MS-DARTS: Mean-Shift Based Differentiable Architecture Search
This addresses a specific bottleneck in Auto-ML for researchers and practitioners by improving the stability and accuracy of a widely-used NAS method, though it is incremental as it builds directly on DARTS.
The paper tackles the stabilization issues in Differentiable Architecture Search (DARTS) during discretization, which cause performance decline, by proposing MS-DARTS using mean-shift based sampling and perturbation to smooth the loss landscape, resulting in higher performance on CIFAR-10, CIFAR-100, and ImageNet with reduced search cost.

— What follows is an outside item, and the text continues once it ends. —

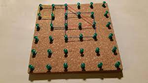 Material:5 tablas de corcho de 19 cm x 19 cm, chinchetas y gomas elásticas de diferentes colores.

Differentiable Architecture Search (DARTS) is an effective continuous relaxation-based network architecture search (NAS) method with low search cost. It has attracted significant attentions in Auto-ML research and becomes one of the most useful paradigms in NAS. Although DARTS can produce superior efficiency over traditional NAS approaches with better control of complex parameters, oftentimes it suffers from stabilization issues in producing deteriorating architectures when discretizing the continuous architecture. We observed considerable loss of validity causing dramatic decline in performance at this final discretization step of DARTS. To address this issue, we propose a Mean-Shift based DARTS (MS-DARTS) to improve stability based on sampling and perturbation. Our approach can improve bot the stability and accuracy of DARTS, by smoothing the loss landscape and sampling architecture parameters within a suitable bandwidth. We investigate the convergence of our mean-shift approach, together with the effects of bandwidth selection that affects stability and accuracy. Evaluations performed on CIFAR-10, CIFAR-100, and ImageNet show that MS-DARTS archives higher performance over other state-of-the-art NAS methods with reduced search cost.